• _Instructions to follow_: Below is a listing to transcribe in full and exactly; keep the pictures out.

• _Given material_:
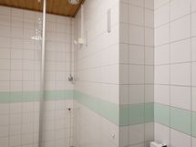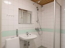 Pesuhuoneen lattia on muovimattoa, seinät laattaa ja katto paneelia. Pesuhuoneessa on suihku sekö suihkuseinä ja suihkuverhotanko, peili, valkoinen pesuallas sekä wc-istuin. Pesukoneelle on tila ja liitännät.
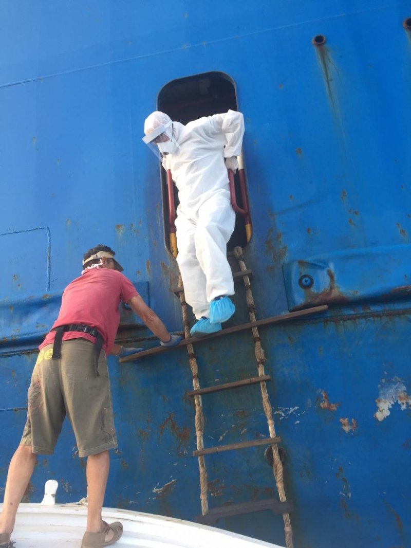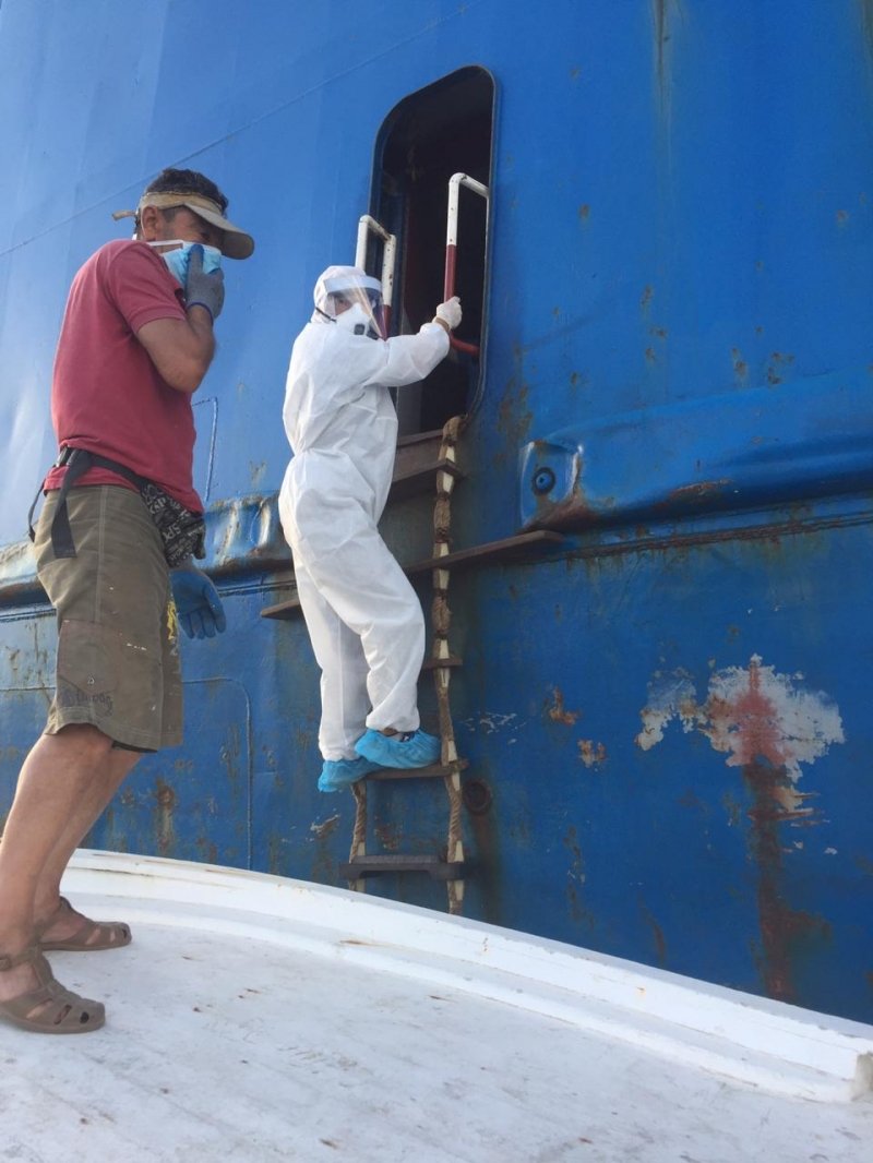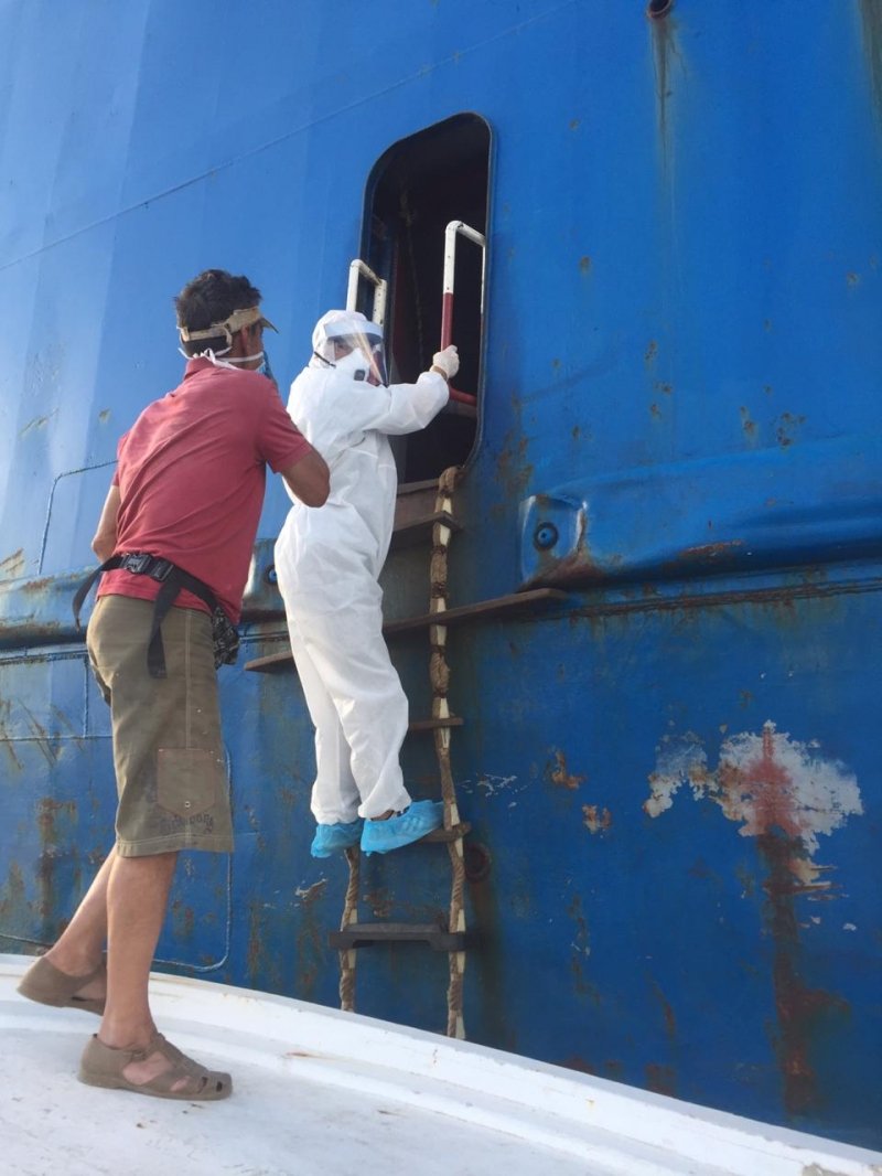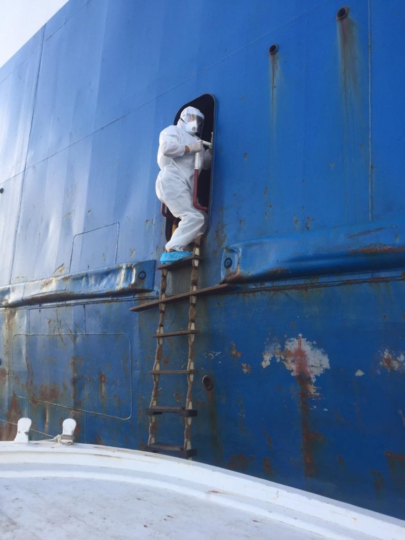 ضمن مجهود وزارة الصحة في ضبط الوضع ومنع انتشار الوباء..كشف المراقب الصحي في دائرة الحجر الصحي في مرفأ صور (محمد بيضون) على الباخرة Nivine في عرض البحر قبل السماح لها بالرسو في حرم المرفأ
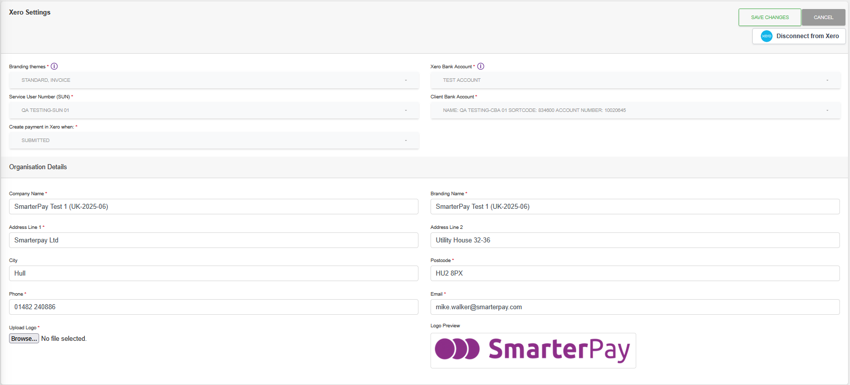 Branding Themes | Yes | Multi-Select | The invoice branding themes, in Xero, that will use Smarterpay as a payment service. |
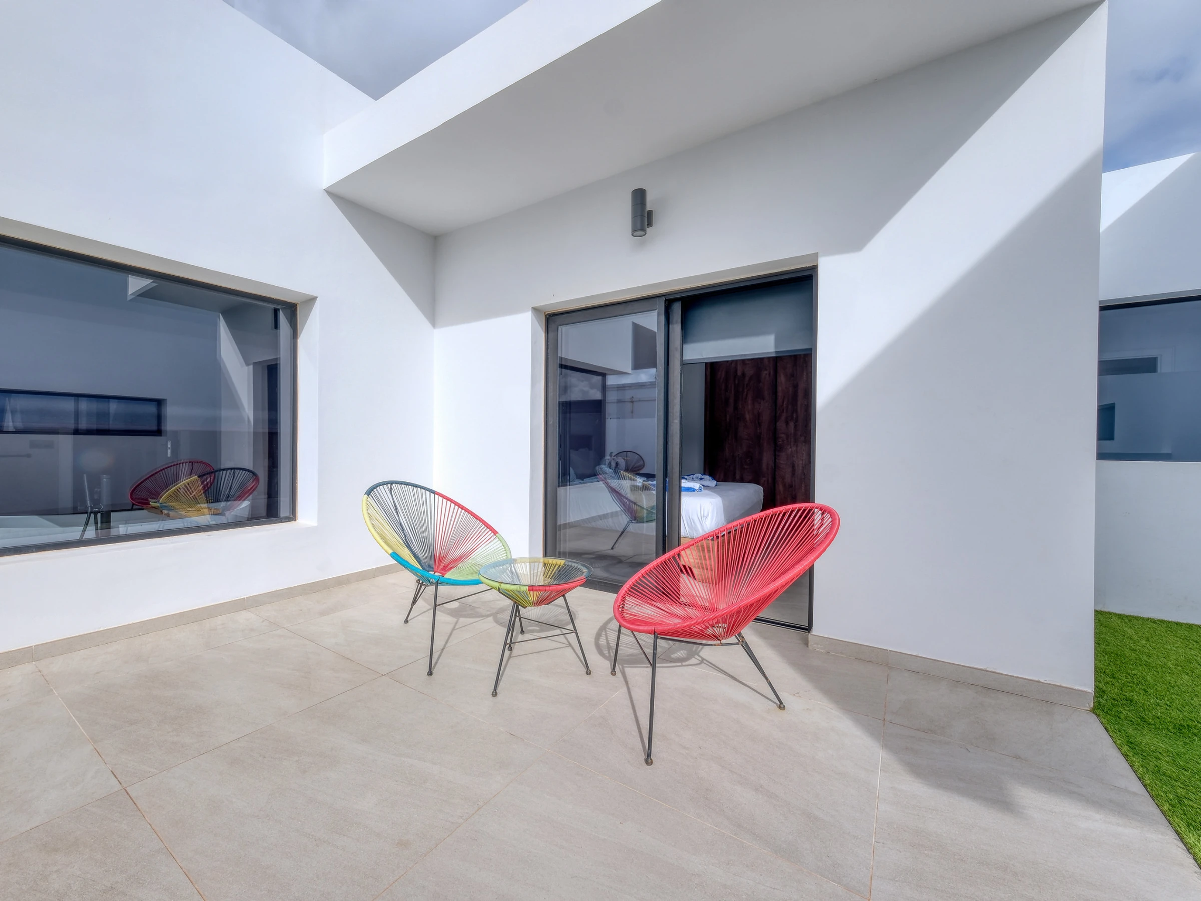 En la planta alta, un segundo solárium ofrece espectaculares vistas al mar, a la isla de Fuerteventura y a las montañas de Lanzarote. Esta terraza superior se convierte en el rincón perfecto para contemplar el amanecer o despedir el día con una copa al atardecer, rodeado de belleza natural en todas direcciones.

• _The answer_:
 Pesuhuoneen lattia on muovimattoa, seinät laattaa ja katto paneelia. Pesuhuoneessa on suihku sekö suihkuseinä ja suihkuverhotanko, peili, valkoinen pesuallas sekä wc-istuin. Pesukoneelle on tila ja liitännät.
 ضمن مجهود وزارة الصحة في ضبط الوضع ومنع انتشار الوباء..كشف المراقب الصحي في دائرة الحجر الصحي في مرفأ صور (محمد بيضون) على الباخرة Nivine في عرض البحر قبل السماح لها بالرسو في حرم المرفأ
 Branding Themes | Yes | Multi-Select | The invoice branding themes, in Xero, that will use Smarterpay as a payment service. |
 En la planta alta, un segundo solárium ofrece espectaculares vistas al mar, a la isla de Fuerteventura y a las montañas de Lanzarote. Esta terraza superior se convierte en el rincón perfecto para contemplar el amanecer o despedir el día con una copa al atardecer, rodeado de belleza natural en todas direcciones.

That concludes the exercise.